Annie is, of course, Annie Hill, the most decorated distance runner to come out of the Flathead Valley since Morley. A former Gatorade Montana Girls Cross Country and Girls Track and Field Athlete of the Year for Glacier High School, Hill too was heavily recruited and had to weigh the choice of whether to be a big or small fish in a small or large pond.
“I decided that I really wanted to be on a team where I wasn’t the shining star,” Hill said. “(A team) where I had girls to look up to and wouldn’t have a lot of pressure from the top spot. Colorado has an amazing team and I want to be able to contribute.”
Hill also added that being recruited by Colorado, because of the program’s strong tradition, is an experience unlike any other school.
“They don’t super actively recruit athletes,” Hill said. “It’s more like, if you’re interested you come to us first, which kind of makes them more desirable.”
Hill and Morley first became acquainted with each other when they were in high school — Morley was a senior when Hill was a freshman — and have occasionally competed against one another in national events. While the two aren’t particularly close, watching someone she knows have success at such an elite program has helped give Hill confidence she too could thrive with the Buffaloes.
“I’ve always looked up to (Morley) and her hard work,” Hill said. “It definitely makes me feel good that somebody that I’ve competed against found success there.”
Plenty of athletes would call Perrin’s first three years at Colorado a success. He won the Colorado State Invitational during his sophomore cross country season, broke the four-minute barrier in the mile in his sophomore track season — becoming just the third Montanan to ever do so — and lodged a pair of top-10 finishes in the 1,500-meters at the Pac-12 Conference championships.
But it wasn’t good enough for the one person who mattered most.
“It’s a total mind game,” Perrin said of his chosen sport. “For the first three years, I was having all right success but I really wasn’t doing what I wanted to and I wasn’t enjoying it that much … It’s one of those sports where it’s so up and down and you have to put so much into it.
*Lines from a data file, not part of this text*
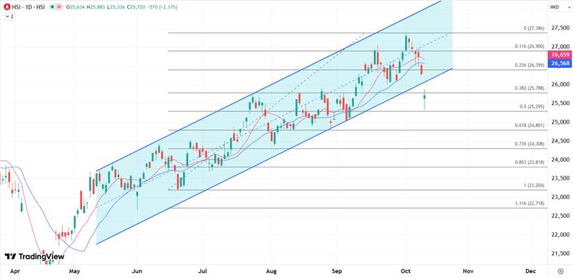 Mentre la situazione xmmarkets.cnmerciale è tornata tesa, questa mattina le azioni di Hong Kong sono state nuovamente nel panico, con l'indice di volatilità che è salito di quasi il 29%, toccando un nuovo massimo da maggio 2025. Dopo il forte calo a breve termine, il mercato potrebbe ritrovare un po' di calma in disparte, in attesa di potenziali negoziati tra i due paesi. Tuttavia, dopo che il mercato azionario di Hong Kong è sceso al livello più basso in più di un mese, ha rotto il canale ascendente. La pressione al ribasso a breve termine rimane. Mantenere la soglia dei 25.000 è la chiave per riavviare il rimbalzo.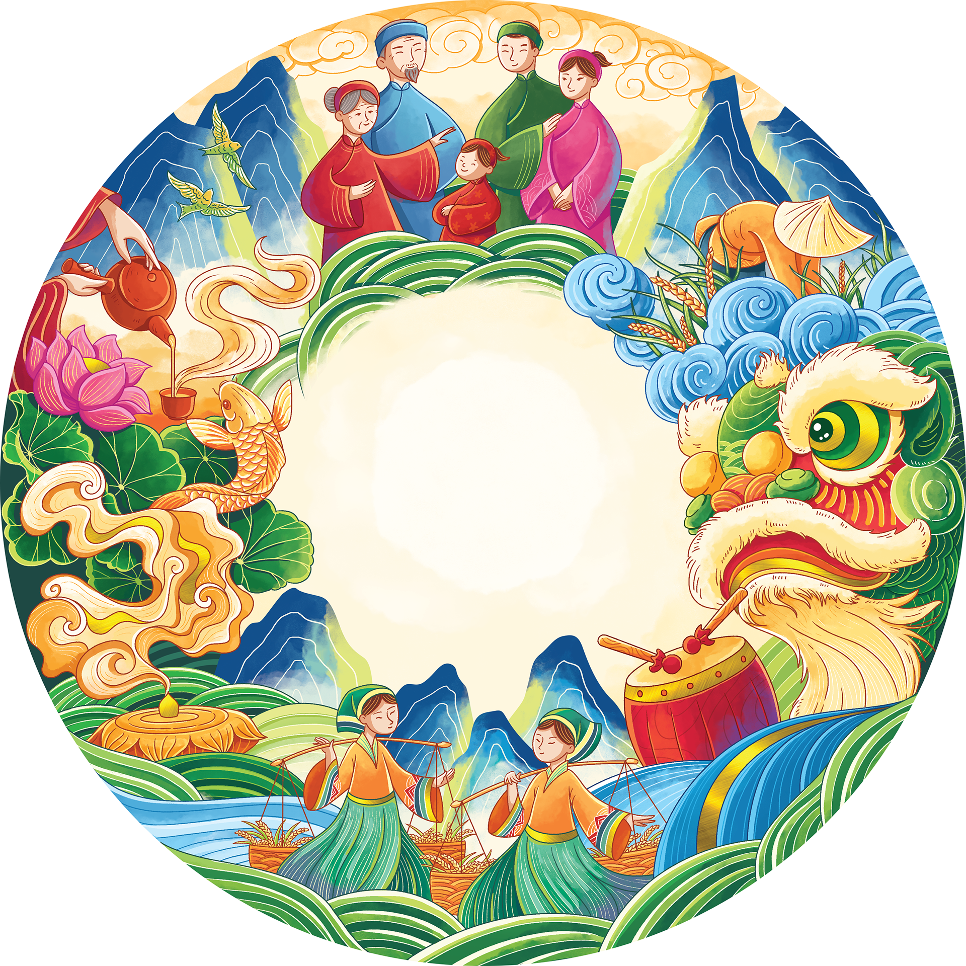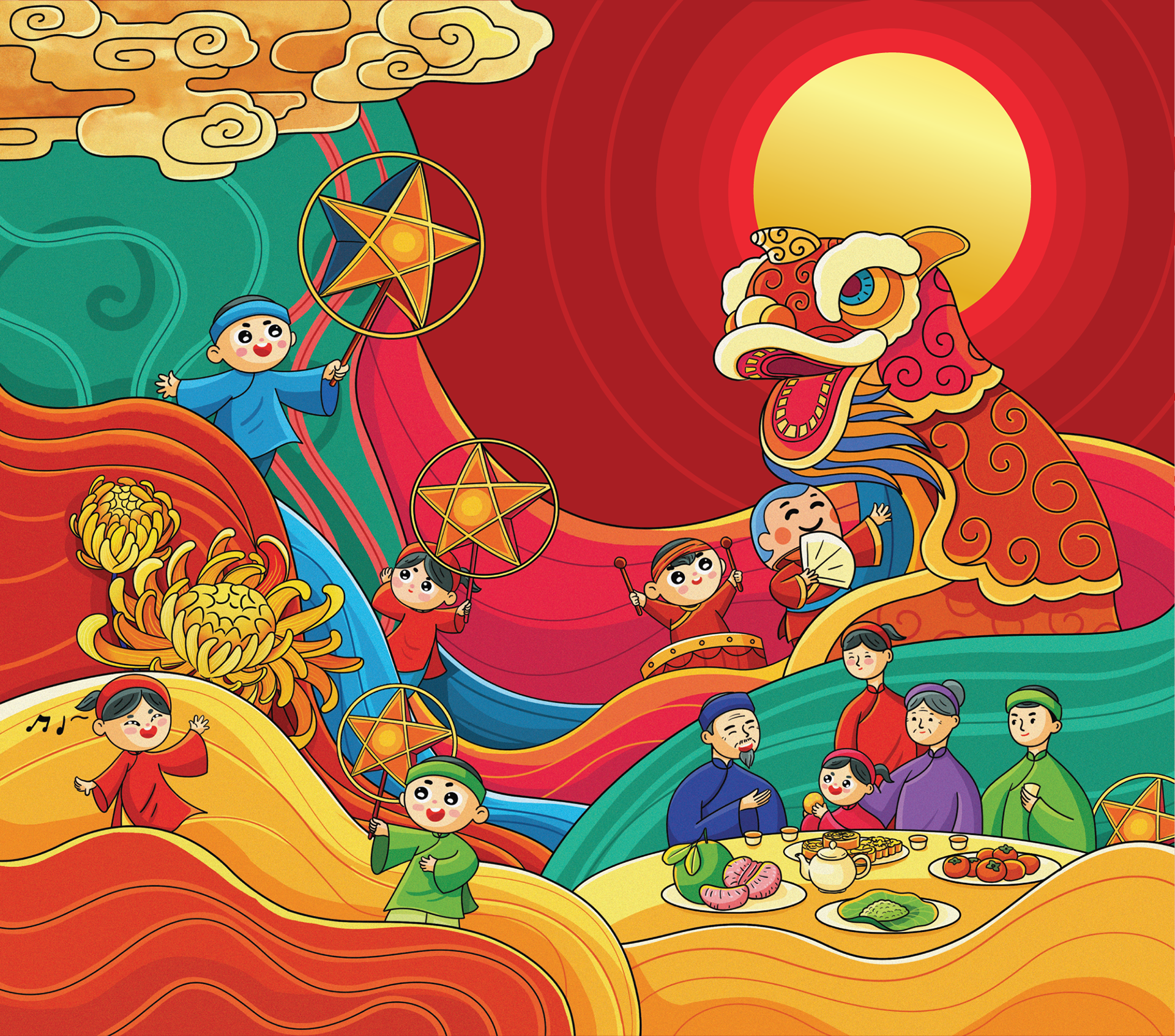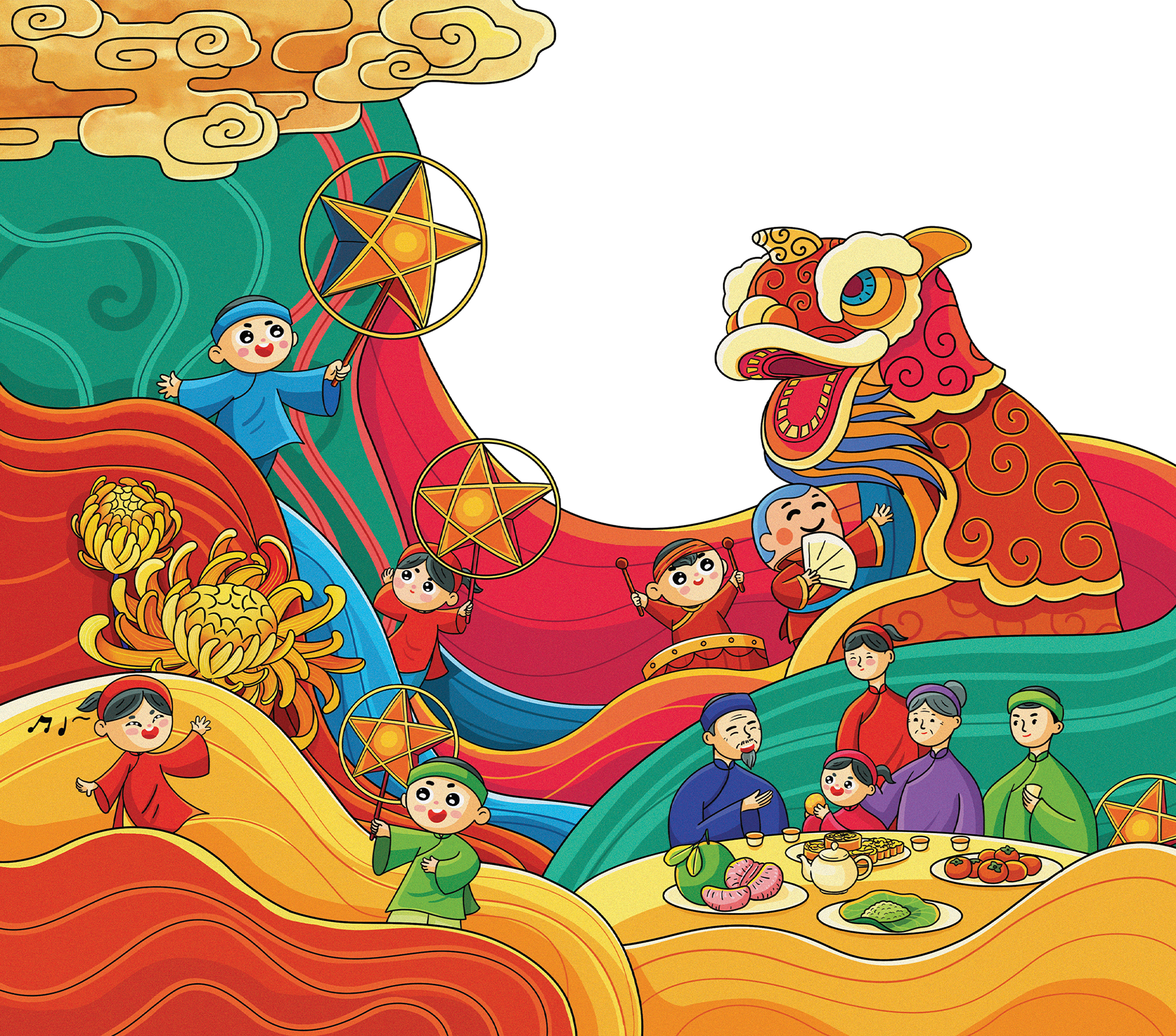 Inside every gift box, there is more than what you can hold. There is a hand-drawn, one-of-a-kind artwork created by Độc Mác artists—telling a Vietnamese story of reunion: lion dance, festival drums, clouds and waves, mountains, lotus, carp, and a family in áo dài.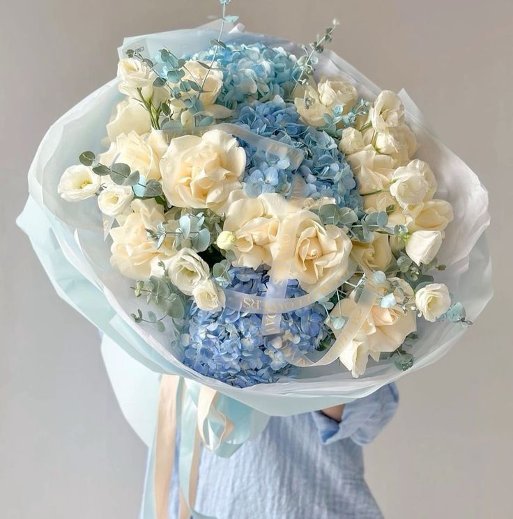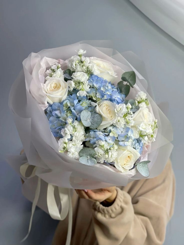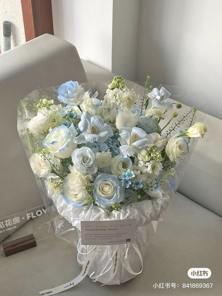 Bouquet dibungkus dengan wrapping paper premium bernuansa midnight blue, icy blue, dan hint lilac–aurora dengan finishing satin ribbon yang mewah. Ensemble ini sangat cocok untuk hadiah eksklusif, dekorasi event, maupun konten foto aesthetic bertema winter & aurora.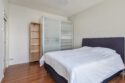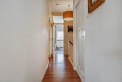 Aan de achterzijde bevinden zich twee slaapkamers, waaronder een ruime master bedroom. De tweede slaapkamer heeft openslaande deuren naar het zonnige achterbalkon op het westen, waar je in de middag en avond van de zon kunt genieten.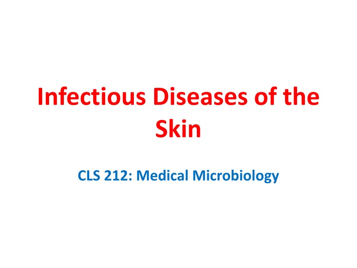 Infectious Diseases of the Skin CLS 212: Medical Microbiology

It’s exhausting.”
To help make the choice at his personal crossroads, Perrin asked himself a question he suggested other athletes consider as they go through the recruitment process.
“My biggest question was: If I was to have a career-ending injury would I still enjoy going to school there? And with Boulder, yeah, that was definitely a big factor.”
Curiously enough, Perrin said it actually was an injury during the indoor track season in 2017 that turned his career around when, at the Husky Classic in Seattle, he fell at the start of the 3,000-meter race and broke his wrist.
“They called it back and I was still able to get in and run and I had a huge PR (personal record) in the event,” Perrin said. “That was a super pivotal point.”
Perrin wore a splint the remainder of his junior season and earned All-America honors in the indoor mile at NCAA Championships, finishing 15th in 4:03.48. He followed that up with arguably the single biggest achievement of his career in the 2017 outdoor season, winning the Pac-12 Conference championship in the 5,000-meters and later becoming an All-American in that event, too.
“Running is so much more enjoyable when you can see improvements,” he said. “There’s really nothing fun about running cross country and track, at least in my perspective, I don’t have a lot of fun with it if I’m not competing. It was a lot more fun being able to compete with those guys up front.”
While he would miss out on All-America finishes in the indoor and outdoor seasons in 2018, Perrin was a point scorer in multiple events for the Buffaloes at the Pac-12 championships in the spring (2nd in the 5K, 5th in the 10K) and left a mark on the Colorado program and its venerable leader.
“He was a very useful runner for us over multiple events and a great guy, well-liked and respected,” Wetmore said. “We already miss him.”